Earlier, retired General Pervez Musharraf, as president of Pakistan, had invited an IOK delegation to the country in 2007. “That was the decision of a dictator. As far as the commitment of the democratically-elected government with the Kashmir cause is concerned, we are resolved not to compromise,” National Assembly Speaker Sardar Ayaz Sadiq said after announcing the cancellation of the conference.
Mr Sadiq was unanimously elected president of the Commonwealth Parliamentary Association (CPA) in October 2014 at the 60th CPC, held in Cameroon which decided that the next conference of the 53-member body would be held in Islamabad.

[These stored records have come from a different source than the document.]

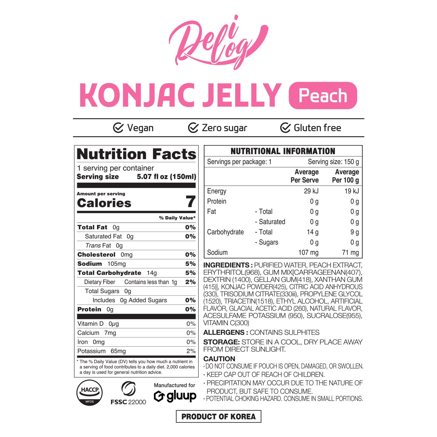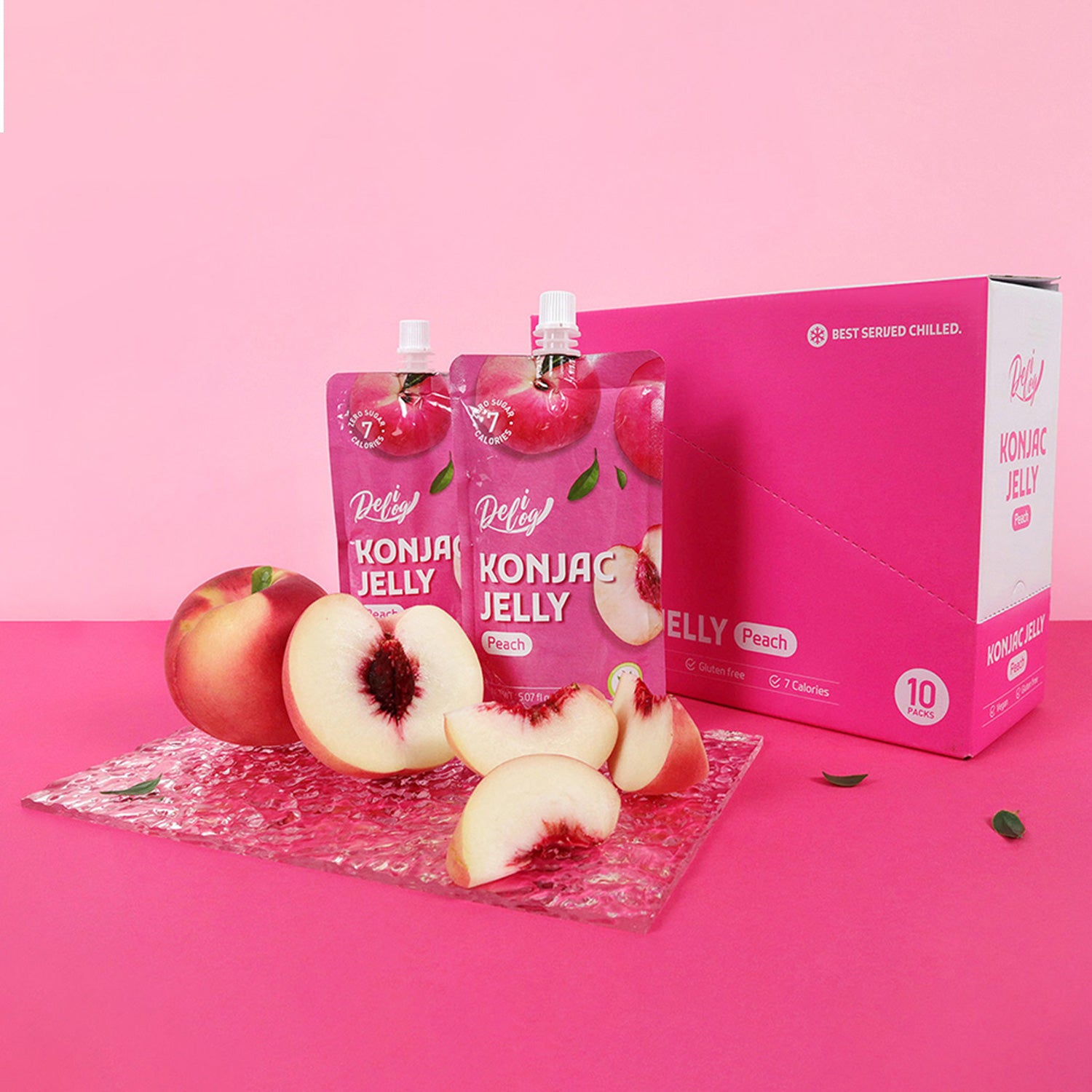 Delilog Konjac Jelly (Peach) stands as the ultimate low-calorie diet snack, providing a sweet and healthy alternative suitable for all ages. With only 7 kcal per pouch, this nutritious drinkable jelly, crafted from real fruit extract, offers a convenient and portable solution in its innovative spout pouch, ensuring you can enjoy it anytime, anywhere.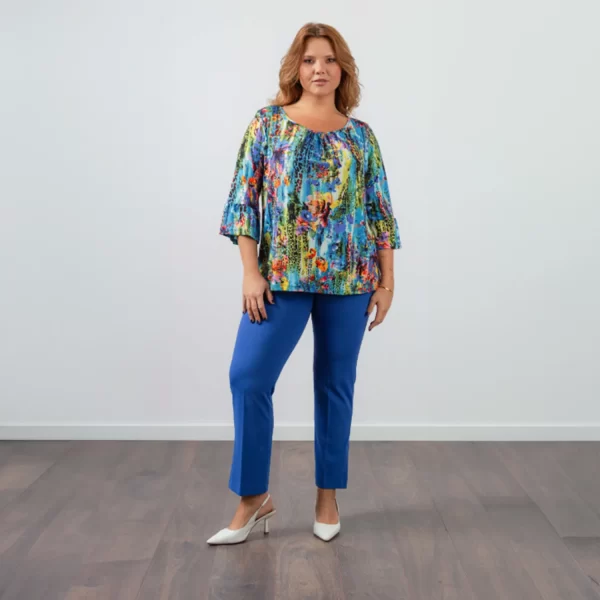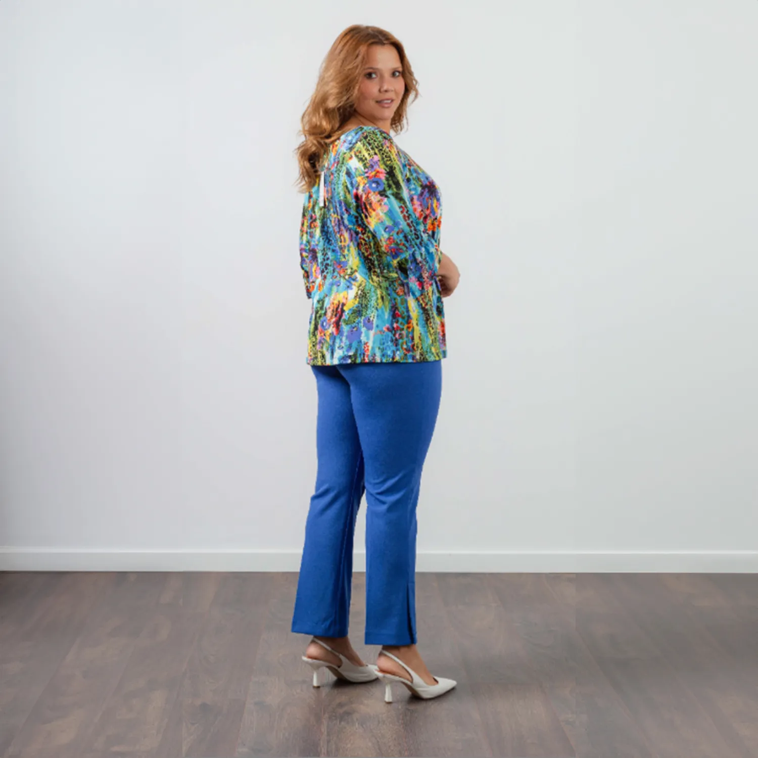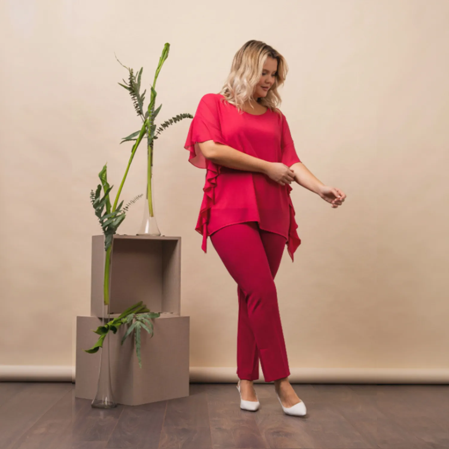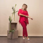 Calças em malha crepe lisa com elástico na cintura e racha nas laterais.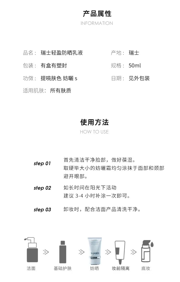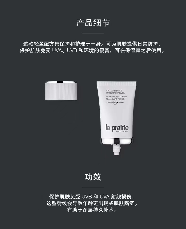 La prairie/莱伯妮LP 蓓丽 瑞士轻盈防晒霜50ml SPF50 清爽 隔离 防护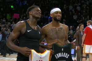 賽后,愛德華茲與前隊友亞歷山大-沃克互換球衣并合影。

Addressing a press conference at the Parliament House, Mr Sadiq said that the CPA secretariat in London had called him and asked him to formally invite the speaker of the IOK assembly. “In response, I forwarded him the United Nations’ resolutions on Kashmir, along with my written reply that due to these resolutions, it is not possible for me to extend such an invitation.”

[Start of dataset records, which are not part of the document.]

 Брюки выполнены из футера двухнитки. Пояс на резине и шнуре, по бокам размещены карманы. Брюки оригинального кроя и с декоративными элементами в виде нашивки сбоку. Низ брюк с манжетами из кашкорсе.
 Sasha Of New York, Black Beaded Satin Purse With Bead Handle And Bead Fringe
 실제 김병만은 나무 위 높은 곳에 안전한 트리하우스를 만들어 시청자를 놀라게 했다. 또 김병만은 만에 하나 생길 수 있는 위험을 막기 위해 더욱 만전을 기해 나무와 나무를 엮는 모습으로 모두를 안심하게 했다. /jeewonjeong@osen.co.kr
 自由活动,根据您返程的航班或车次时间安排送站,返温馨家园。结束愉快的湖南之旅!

He said that the speaker of the Bangladesh assembly, who is also the CPA chairperson, had also requested him to review the decision. “However, I categorically told her that it was next to impossible for Pakistan to change its principled stand on Kashmir,” he said.
In addition to the chairperson, Pakistan’s stance was also conveyed to the CPA’s 35 members of the executive during a video-conference, Mr Sadiq said.

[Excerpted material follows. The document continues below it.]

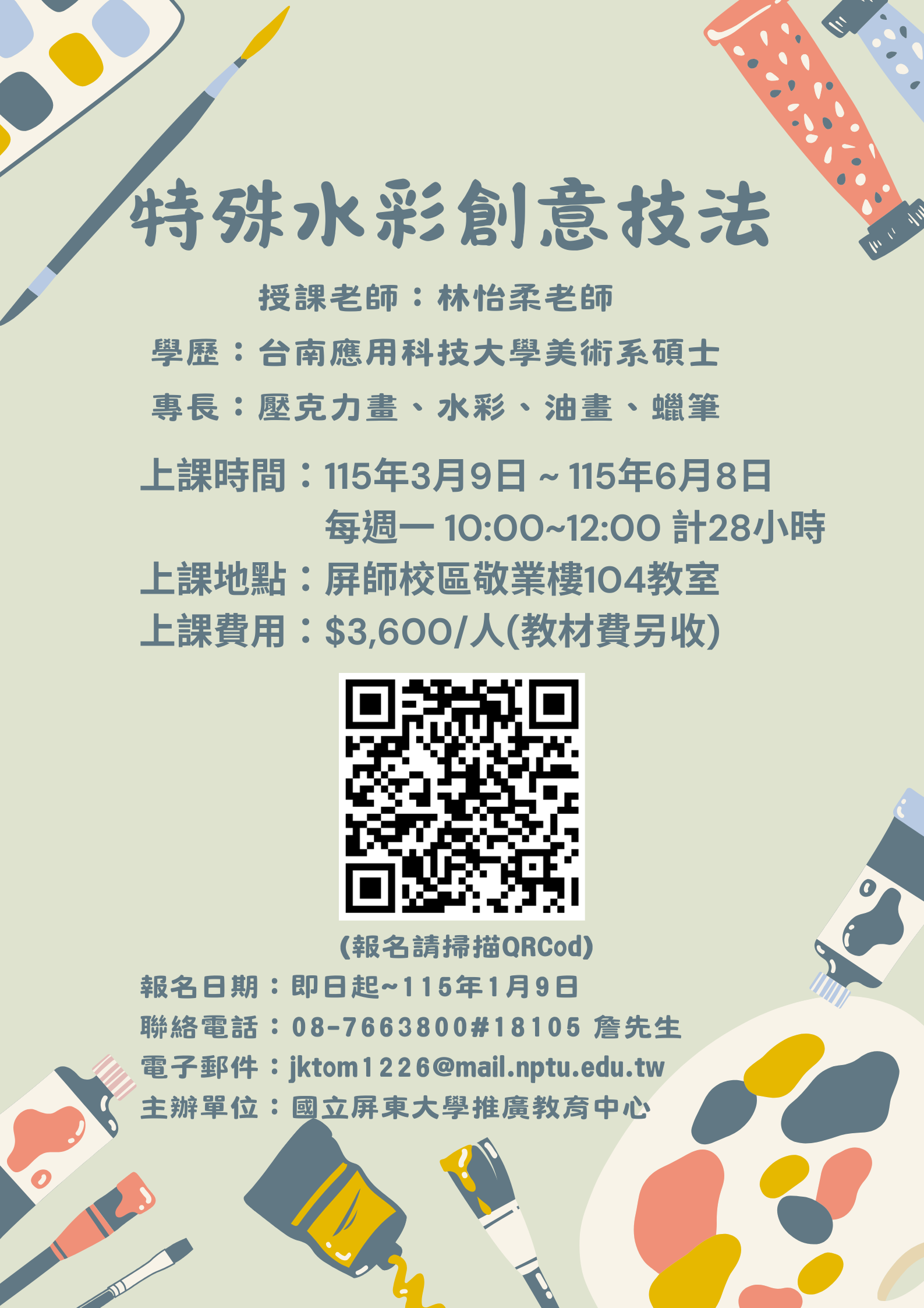 【公告】115上半年度特殊水彩創意技法班(自費班)

He said it was not appropriate to host the CPC while compromising on the Kashmir cause, adding that the CPA had insisted that Pakistan invite the IOK assembly speaker. “I tried my best to convince them otherwise, but finally decided to cancel the upcoming conference instead of changing our earlier stance,” he explained.
He said that the CPC would have been a magnificent opportunity to project Pakistan’s soft image as some 550 delegates from member countries were due in the federal capital to attend the conference.
Pakistan had vehemently made the case for holding the 61st CPC in Islamabad and lobbied furiously with members, many of whom had serious apprehensions regarding security and were reluctant to come, he claimed.
To a question, the National Assembly speaker said that the Indian government did not want Pakistan to hold the CPC and had therefore linked their participation in the event to an invitation for the IOK speaker.
Despite the cancellation of the conference, he said, Pakistan used this opportunity to once again highlight the Kashmir dispute as the unfinished agenda of partition and remind the global community, especially CPA members, about the plight of the Kashmiri people with the dire need for an amicable solution as per their aspirations. “Pakistan will raise this issue at the upcoming Speakers’ Conference in New York and the meeting of the International Parliamentary Union in Geneva,” Mr Sadiq asserted.
Though the speaker’s focus was the cancelled Commonwealth summit, he also answered a few questions regarding MQM legislators’ resignations. “This matter would be proceeded [with] in accordance with the guidelines given by the superior courts,” he said.
The high court, he said, had also issued a judgment in an identical matter and paragraphs 16-20 of the judgment – issued in January 2015 by a two-member division bench – was relevant in this case. As the speaker of the National Assembly, he said, he would act upon the judgment.
The paragraphs in question observe that the speaker is under a constitutional duty to undertake an inquiry to determine that the resignations are genuine and the member actually intends to relinquish, relieve or quit the seat. It further says, “It is also not enough that the member in question makes public announcements in this regard or presents him or herself en masse before the speaker.” According to the judgment, if the speaker is not satisfied that the resignation was tendered after meeting these requirements, it would “become ineffective as it is no more valid”.
Mr Sadiq also said, tongue-in-cheek, that he could write a book on the subject of resignations by now, but that this was not the appropriate time for such a write-up.